Air Force punishes Nellis airman for racially charged online rant

_“In accordance with the Uniform Code of Military Justice, Geraldine Lovely was held accountable for her actions,” Maj. Christina Sukach, chief of public affairs for the 99th Air Base Wing at Nellis, said in a statement Wednesday. “While specifics on this case can’t be released, 99th Air Base Wing leadership is satisfied with the outcome.”_

_Tech. Sgt. Geraldine Lovely of the 99th Force Support Squadron at the Nevada air force base posted a video of her in-uniform rant Jan. 26, in which she claimed black female airmen and noncommissioned officers had attitude problems._


----------



## DA SWO (Mar 6, 2018)

Ooh-Rah said:


> *- Update - *
> 
> The most informative part of this article?  "NOTHING" is hidden on the internet and there are NO hidden/secret groups that are truly hidden/safe.
> 
> ...


Someone will always get offended and repost from a covert forum/hidden FB page etc.
Or a liberal co-worker/friend ( @Muppet ) will get offended and arrange for a trip to FB jail.


----------



## policemedic (Mar 6, 2018)

Don’t want someone to repost or complain about something you say? Don’t fucking say it on social media.


----------



## policemedic (Mar 6, 2018)

DA SWO said:


> Someone will always get offended and repost from a covert forum/hidden FB page etc.
> Or a liberal co-worker/friend ( @Muppet ) will get offended and arrange for a trip to FB jail.



@Muppet lives in FB jail. No chance of parole for that fucker.


----------



## Marine0311 (Mar 6, 2018)

policemedic said:


> @Muppet lives in FB jail. No chance of parole for that fucker.




Colddddd blooooodeedddd.


----------



## DA SWO (Mar 6, 2018)

policemedic said:


> @Muppet lives in FB jail. No chance of parole for that fucker.
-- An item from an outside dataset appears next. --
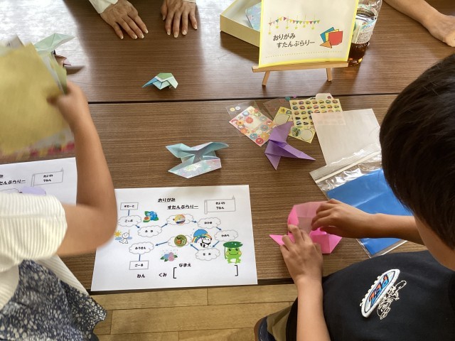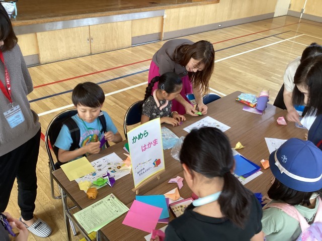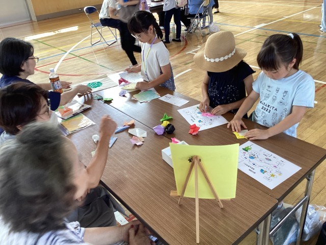 「おりがみ」では、体育館でコップややっこさん、カメラ、紙飛行機を折りました。
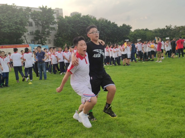 首先,初三年級的學生們在班主任的帶領下,懷揣期待與熱情,從教室下到操場,在跟班老師和班干部的協(xié)助下,以班級為單位分四組開展“珠行萬里”、“夾板接力賽”活動項目?;顒佑纱死_了序幕,妙趣橫生的比賽環(huán)節(jié)營造了輕松愉快的氛圍,也讓學生們緩解緊張情緒,盡情地投入到活動中來。

He'd stay out if he'd scrub friends and co-workers off his FB page.


----------



## policemedic (Mar 6, 2018)

DA SWO said:


> He'd stay out if he'd scrub friends and co-workers off his FB page.



Yeah. He’s got some folks with sand in their pussies.


----------



## Muppet (Mar 6, 2018)

I thought I scrubbed them all but sure as shit, one pops up, usually after I post my right wing conspiracy shit, then, boom, blocked.....

M.


----------



## Gunz (Mar 6, 2018)

policemedic said:


> Yeah. He’s got some folks with sand in their pussies.






Muppet said:


> I thought I scrubbed them all but sure as shit, one pops up, usually after I post my right wing conspiracy shit, then, boom, blocked.....
> 
> M.




Both of you assholes are my FB friends. That's why I deactivated my fucking account. Too many commie pukes chiming in.


----------



## Muppet (Mar 6, 2018)

Ocoka said:


> Both of you assholes are my FB friends. That's why I deactivated my fucking account. Too many commie pukes chiming in.



I can see that anger control class is working wonders brother. 

M.


----------



## Crusader74 (Mar 6, 2018)

Not so lovely....


----------



## Gunz (Mar 6, 2018)

Muppet said:


> I can see that anger control class is working wonders brother.
> 
> M.


----------



## DC (Mar 6, 2018)

Attitude reflects leadership. Poor leaders ALWAYS blame subordinates. Put everyone in hack. Stay off social assclownery sites and do what your being expected to as a leader.


----------



## Chopstick (Mar 6, 2018)

Muppet said:


> I thought I scrubbed them all but sure as shit, one pops up, usually after I post my right wing conspiracy shit, then, boom, blocked.....
> 
> M.


I miss you when you are FB jail.  I am going to bake you a FB cake with a FB file in it so as you can bust out next time.  And there WILL be a next time. Or six  LOL


----------



## ShadowSpear (Mar 6, 2018)

What is FB jail? Is that like being unable to post for a week or something?


----------



## Chopstick (Mar 6, 2018)

ShadowSpear said:


> What is FB jail? Is that like being unable to post for a week or something?


Sometimes it is worse than that.  Sometimes we have to do without Muppet for 2 weeks.


----------



## AWP (Mar 6, 2018)

policemedic said:


> @Muppet lives in FB jail. No chance of parole for that fucker.



Fact.


----------